Abstract
Background: As in cancer, pulmonary arterial hypertension (PAH) is associated with sustained DNA damage accounting for a PARP-1-dependent downregulation of miR-204. By an unknown mechanism, miR-204 promotes the expression of several oncogenes implicated in PAH including Survivin, Bcl-2, Pim-1 and c-Myc. Once activated, by affecting the mitochondrial function through the transcription factor NFAT, they contribute to the pro-proliferative and anti-apoptotic phenotype of PAH-pulmonary arterial smooth muscle cells (PASMC). In cancer, studies demonstrated that the epigenetic reader Bromodomain-containing protein 4 (BRD4) increases transcription of multiple oncogenes sustaining cell proliferation. Interestingly, BRD4 is upregulated by DNA damage and is a predicted target of miR-204. We hypothesized that the PARP-1/miR-204-dependent upregulation of BRD4 triggers the oncogenes-dependent pro-proliferative and anti-apoptotic phenotype seen in PAH-PASMC.
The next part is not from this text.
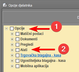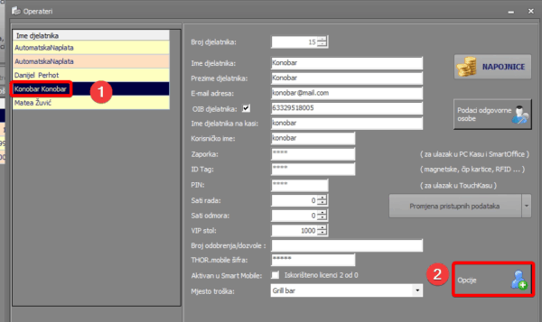 Čime nam se otvara novi prozor gdje odaberemo konobara (1) te pritisnemo Opcije (2):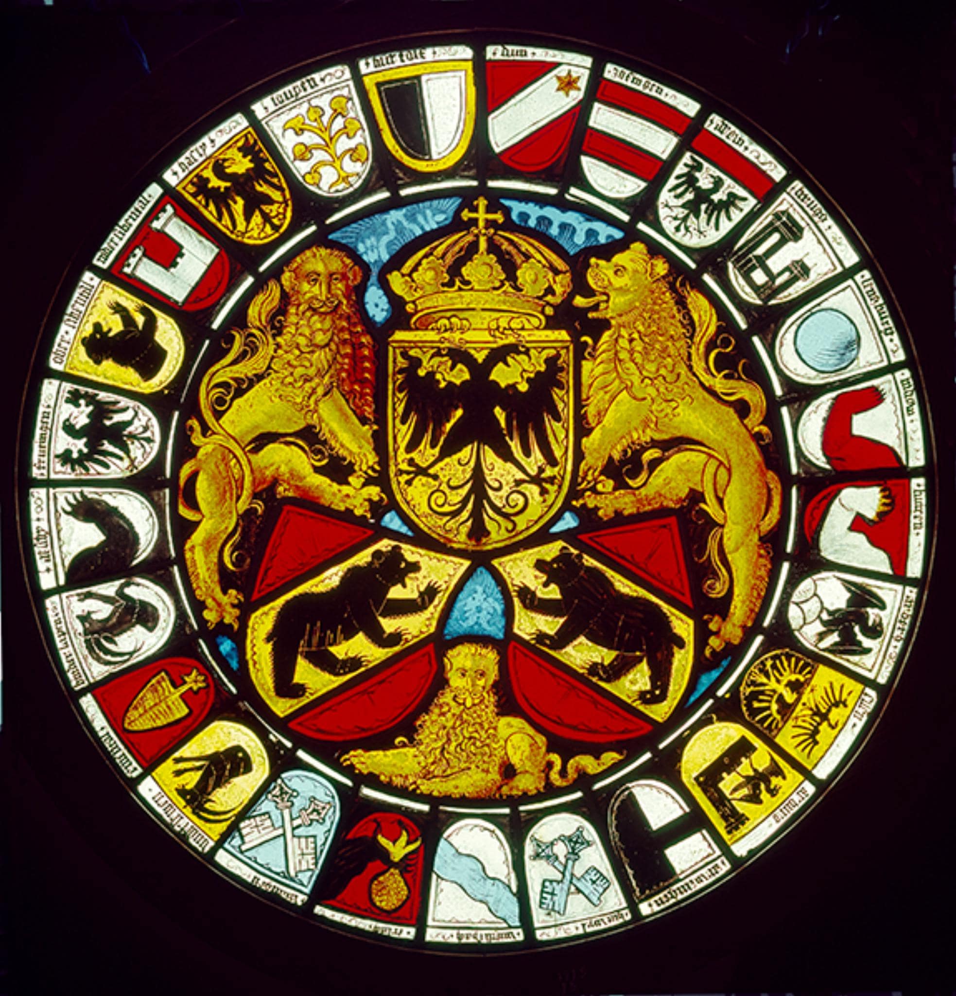Namen Ämterwappen im Uhrzeigersinn: dun, zofingen, arow, brugg, lentzburg, nidow, burren, arberg, ellen, arburg, arwangen, hutwyl (falsch bezeichnet für Wangen), wietlispach, erlach, wangen (falsch bezeichnet für Huttwil), vndersewen, emental (für Trachselwald), hinderlapen, aeschy, frutingen, ober sibental, nider sibental, hasly, loupen, burtolf.

Method/Results: BRD4 is upregulated in lungs, distal PAs and PASMC of PAH patients compared to healthy donors. This increase is miR-204 dependent, as miR-204 upregulation in PAH-PASMC decreases BRD4. BRD4 activation induces Bcl2, Survivin, c-Myc and Pim1 expression, leading to mitochondrial hyperpolarization (TMRM) and NFAT activation in PAH-PASMC, all of which were reversed upon molecular (siRNA) and pharmacological (JQ1 and I-BET) BRD4 inhibition. Finally, BRD4 inhibition reverses PAH-PASMC proliferation (Ki67) and resistance to apoptosis (TUNEL).
Conclusion: Our study suggests an important role for BRD4 in pulmonary hypertension and opens the door to new avenues of investigation and proposes BRD4 as putative treatment for PAH.